RL Weekly 13: Learning to Toss, Learning to Paint, and How to Explain RL
Published
Learning to Toss
What it is
Researchers at Princeton University, Google, Columbia University and MIT developed the TossingBot system that learns how to grasp and throw arbitrary objects. TossingBot integrates simple physics and deep learning and can be trained end-to-end. After 10000 grasp and throw attempts, the robot has a grasping accuracy of 87% and a throwing accuracy of 85%. TossingBot can also rapidly generalize to new objects and targets since it integrates physics with deep learning.
Why it matters
Throwing arbitrary objects to a precise location is a challenging task, as it requires the robot to meet suitable pre-throw conditions while grasping and to account for object properties (mass distribution, aerodynamics). Yet, throwing has many applications, as it also greatly extends the workspace of the robot arm, and allows for faster object displacement than traditional pushing or grasping. Unlike previous throwing models, TossingBot is object-agnostic and requires minimal human intervention.
Read more
- TossingBot: Learning to Throw Arbitrary Objects with Residual Physics (ArXiv Preprint)
- Unifying Physics and Deep Learning with TossingBot (Google AI Blog)
- Robots Learning to Toss (YouTube Video)
- TossingBot: Learning to Throw Arbitrary Objects with Residual Physics (YouTube Video)
- TossingBot: Learning to Throw Arbitrary Objects with Residual Physics (Princeton CS Site)
Learning to Paint
What it is
Researchers at Peking University and Megvii used model-based RL with neural renderer to reproduce a target image with paint strokes. The environment is modeled with a neural renderer, allowing for efficient training of the DDPG agent.
Why it matters
Model-based RL allows agents to learn complex tasks that are impossible with model-free RL. However, creating a good model is often difficult. The authors present a method to construct a suitable model for the stroke-based rendering task.
Read more
- Learning to Paint with Model-based Deep Reinforcement Learning (ArXiv Preprint)
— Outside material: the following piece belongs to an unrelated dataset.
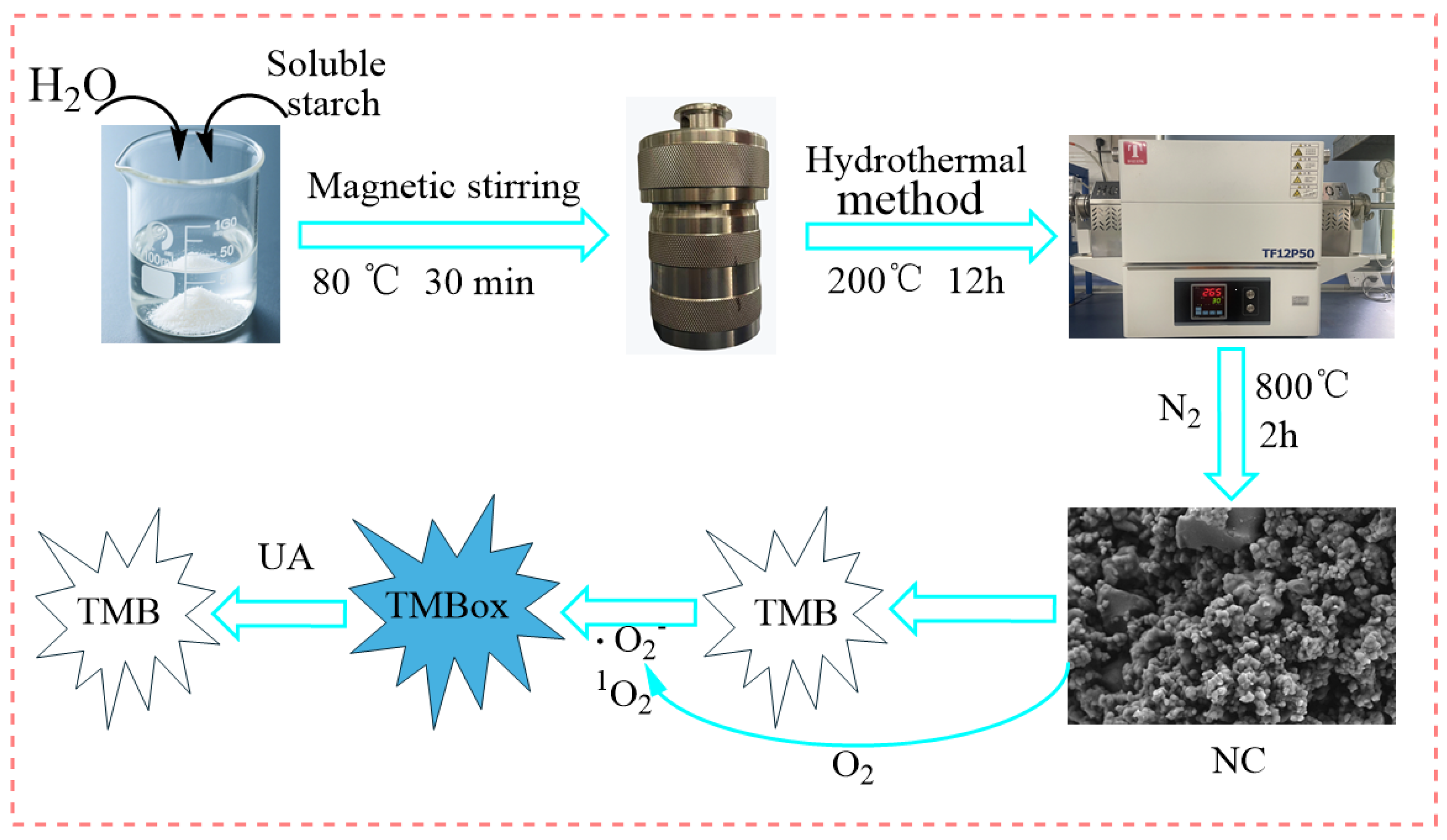 - Centrifuge tube d: 200 μL H2O2 (200 μmol·L−1), 60 μL TMB (8 mmol·L−1), 8 mg NC.

- Learning to Paint with Model-based Deep Reinforcement Learning (GitHub Repo)
How to Explain RL
What it is
Researchers at Oregon State University conducted an empirical study explaining the concept of RL agents to people inexperienced with AI Participants were divided into four groups, Control, Saliency, Rewards, and Everything, and each group were shown different explanatory visualizations of RL agent playing an RTS game. The Control group only saw the game map. The Saliency group saw the saliency map also. The Reward group had access to reward decomposition bars, and the Everything group had access to both saliency map and reward decompositon bars. The researchers conclude that different types of explanations fit different situations and different people, and that participants could also be overwhelmed by explanations.
Why it matters
In the last few years, RL researchers made significant progress, defeating world champions in Go and boasting superhuman performance in various video games. Unfortunately, these results were not accompanied with satisfying explanation of the AI. Ensuring that people have some basic understanding of AI and DL models could facilitate better discussion of deploying AI in real life situations. Thus, such empirical studies that attempt to find a good explanation of RL could be fruitful.
Read more
Some more exciting news in RL:
- Michaël Trazzi published a post summarizing meta RL on FloydHub.
- Researchers at University of Oxford proposed Generalized Off-Policy Actor-Critic (Geoff-PAC) with a new objective that unites existing off-policy policy gradient algorithms in continuing (non-episodic) setting.